Почему-то стало тепло-тепло, и что-то нежное внутри Сташки от этого тепла жадно и виновато начало выздоравливать. Сташка больше не боялся прислоняться к Яруну. В куртке неудобно и жарко, зато защищен от всего на свете… Все-таки какой он родной – этот страшный Ярун. Несет куда-то, чтоб спрятать и уберечь от всего плохого. Все сказать можно:
– Знаешь, я…
Ярун остановился и заглянул к нему в куртку:
– Что? Скажи мне.
– Я посмотрел в могилу, видел там… Ну, себя мертвого, внизу, в саркофаге. Ресницы густые… Мумия. – А потом опять себя, но не такого, как… Не сухенького, а такого же, как вот, как только что убили, и сердце погасло – он зачем-то выпростал из куртки и показал очень внимательному Яруну ладони. – Сразу под плитой. И я был сразу и там, под плитой, мертвый, и снаружи, живой… Испугался, что опять убьют. И… И все. Пришибло. А потом сразу тут, и люди трясут и мучают. А потом ты, и я очнулся. Понял, что вроде бы – нет, не умер.
– Нет, конечно. Ты живучий. А это было только видение, – очень тихо сказал Ярун. – Потому что этот храм на Оси с… Ну, со стартовой точкой.
– А?
– Потом подробности. Пока пойми, что Сеть атакует тебя в таких местах, да. Предупреждает об опасности. Это – только видение. Как сон.
Сташка устало покачал головой. То, что он видел – не сон.

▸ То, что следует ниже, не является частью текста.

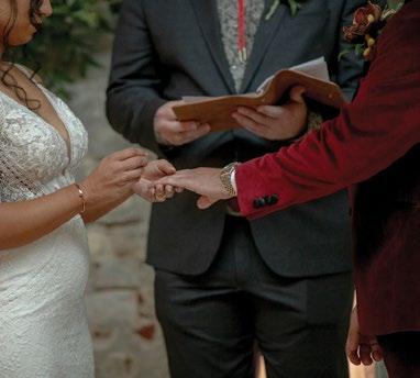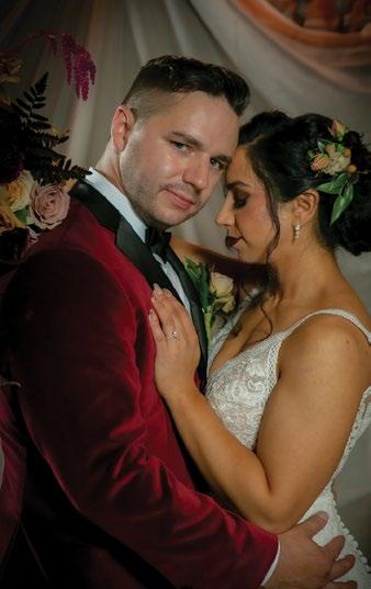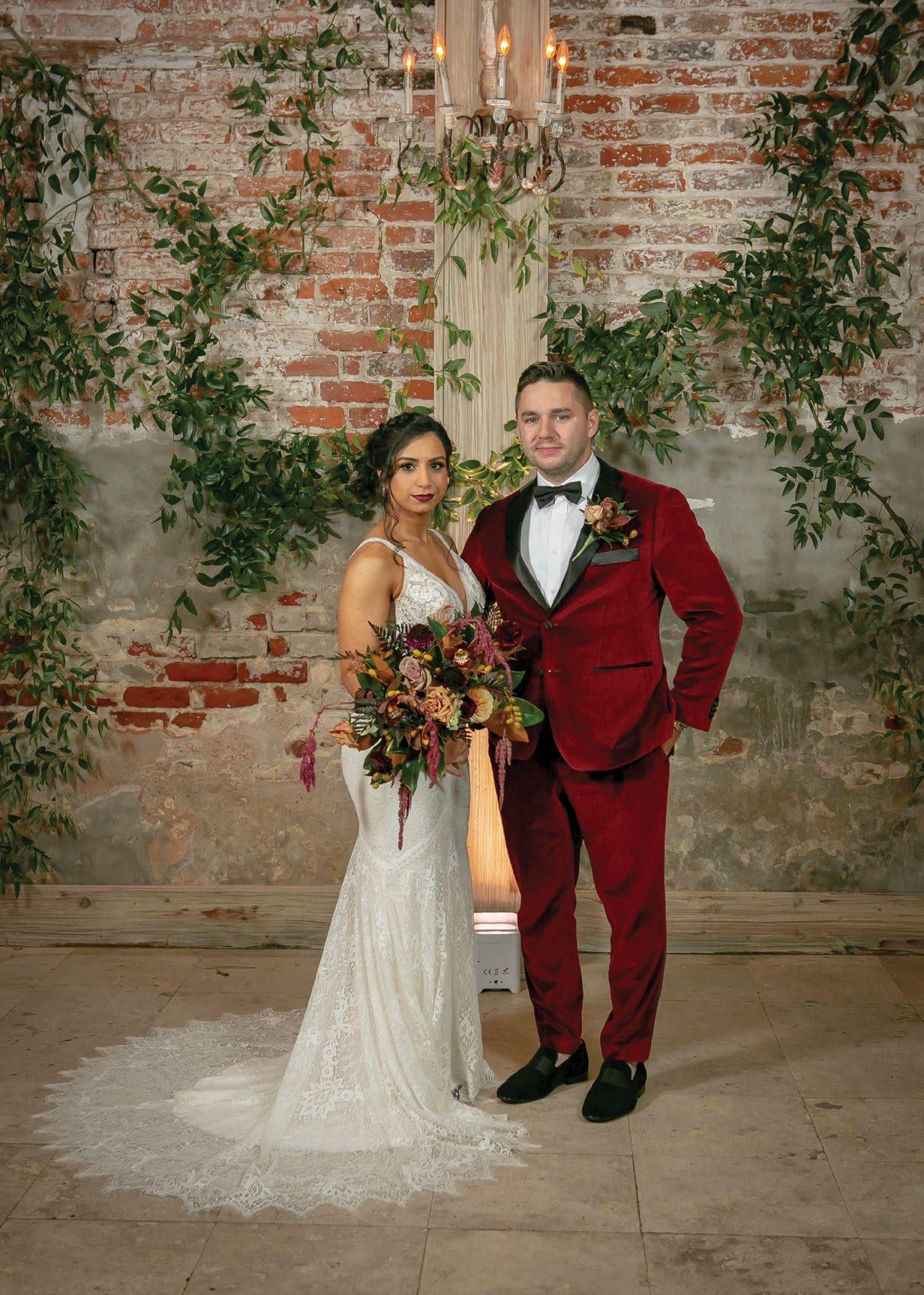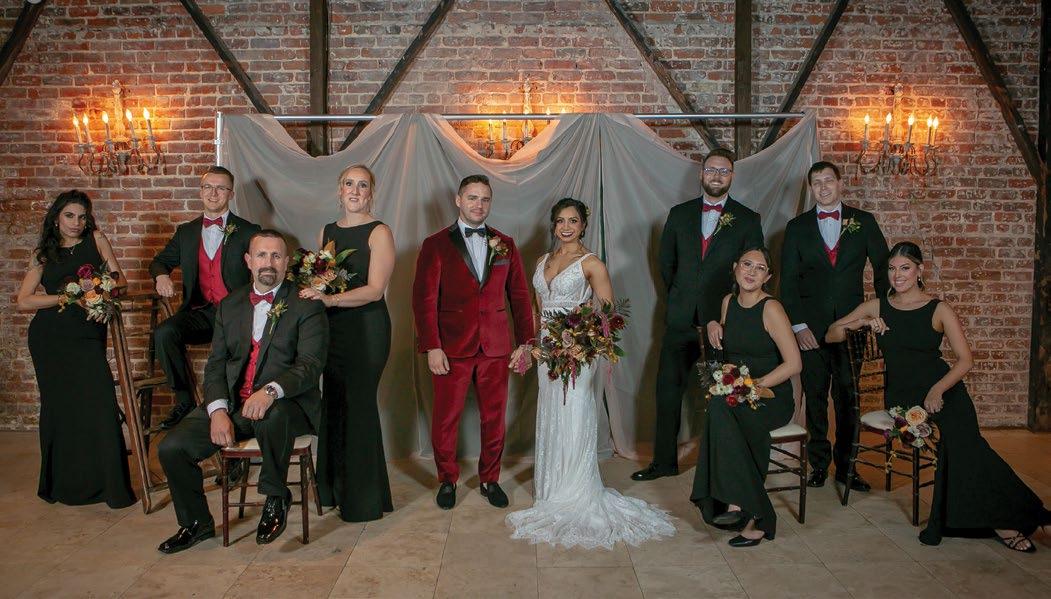 Daniella wore a lace Lillian West gown and Ronald chose a burgundy velvet tuxedo. Their wedding party wore black.
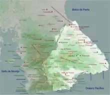 - Cordillera oriental de Azuero o Sierra del Canajagua, ocupa casi la mitad de la península de Azuero y se repliega y abulta hacia el sureste, extendiendo ramales hacia Punta Mala y Mariato.[33]
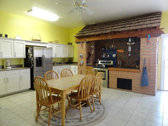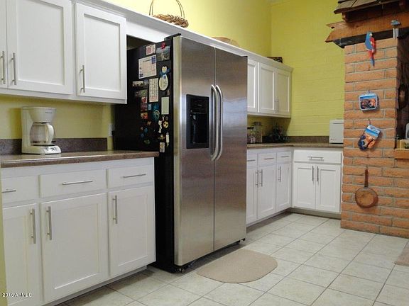 You will be proud to own this move-in-ready property in Circle City. The spacious house with 3+ bedrooms & 2 baths, large family room & huge kitchen has been painted & upgraded inside and out. Enjoy the kitchen with a gorgeous brick hearth, built-in bbq grill & new separate stove. Refaced cabinets,new appliances, windows & 2 pantries complete the clean, streamlined style. The property includes 2 lots with a fully-enclosed courtyard PLUS a huge storage area with carport, 2 storage sheds & 3 gates to the storage area. There's plenty of room to enjoy outdoor living with a covered front porch & rear courtyard patio plus a private exit & patio off the master bedroom. Community park & recreation area are steps away. ATV riding - BLM nearby. Convenient location between Surprise & Wickenburg.
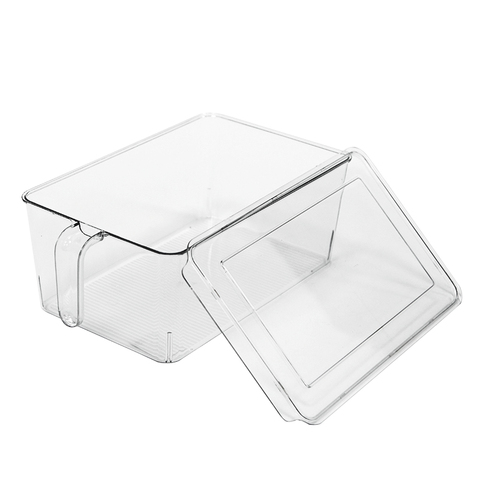 工場キッチン収納ボックススタッカブルパントリービンプラスチック冷蔵庫オーガナイザー蓋とハンドル付き
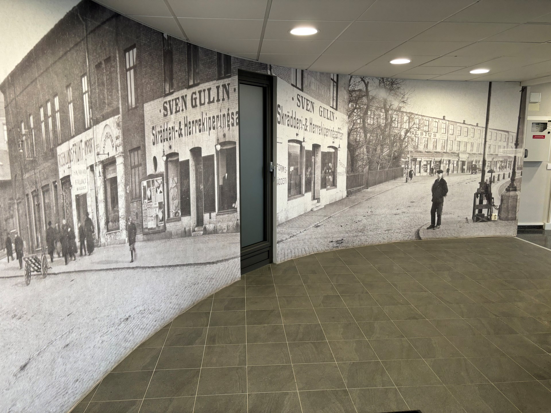 Här får du sitta i ett historiskt hus. Gulins herr-och damekipering skötte sitt lager och produktion i denna fastighet. Många säger att det är tack vare Gulins som kedjor som H&M har kunnat etablera sig på världskartan.

– Видение. Атака Сети, – настоятельно повторил Ярун. – Чтоб ты испугался. Сеть хочет, чтоб ты взял Венок. У нее такой протокол. А на самом деле там нет могилы Кааша. Ее вообще – нет. И быть не может. Понимаешь?
– Не понимаю.
– Могилы Кааша – нет.
– Нет?
– Нет.
– Почему?
– Он превратился в звезду.
– Миф.
– Нет, правда.
– Но вот же я. Он – это я. А я – не звезда. Я мальчик.
– Он – это ты, – согласился Ярун. – Ты был им. Стал потом звездой – вон, Кааш на краю созвездия. А теперь вернулся и снова мальчик. Сеть помнит все и делает с нашими атомами и нейронным контуром сознания то, чему вы ее научили. Воспроизводит.
– Я умер тогда или не умер? Я тот же самый или новый, просто с той памятью? Я не понимаю, – жалобно сказал Сташка и закрыл глаза. Как хорошо, что он не там, а здесь. И хорошо, что есть Ярун. – Убили же. Я же помню. Какие там звезды.
– Целое созвездие.
Сташка смотрел из меха на потолок. Ярун теперь нес его подземным тайным
– Что тут на первых этажах? Макс сказал, мне сюда нельзя.
– Да можно. Все равно все твое, распоряжайся. Там архивы, библиотека, игрушки других наследников, их комнаты, классы. Я тоже тут жил, на третьем этаже.
– А ты Дракон? Как я?
– Дракон, да. Это в самом деле имя рода, – странно неохотно сказал Ярун, поднимаясь по ступеням. – и в этом смысле мало хорошего в нашем имени. Быть всего лишь Драконом – это беда. А здесь императоры созвездия зовутся Драконами лишь потому, что когда-то давным-давно ты, Дракончик, – почему-то так назвал эту группу звезд. И тем, что так назвал свою новую землю, дал мне шанс найти тебя.
– А почему ты меня искал?
– Чтобы спасти, – Ярун внес Сташку в обжитые комнаты шестого этажа, сгрузил в первое же кресло в столовой: – Вроде не жрешь ничего, а сам будто несколько тонн весишь… Так… Ага, вот. Держи, – он сунул Сташке в руки горячую чашку: – Пей.
– …Это …м-молоко! Ффу!!
– Звездного меда у меня нет. Пей.
Сташка, давясь, отпил белую гадость. Ярун следил, сидя напротив, поэтому пришлось пить дальше. Если Сташка давился и опускал чашку, Ярун молча приопускал бровь. Жуть. Когда допил – Ярун забрал чашку, отставил на стол и мягко попросил:
– Давай еще поговорим.
– Давай, – нерешительно согласился Сташка.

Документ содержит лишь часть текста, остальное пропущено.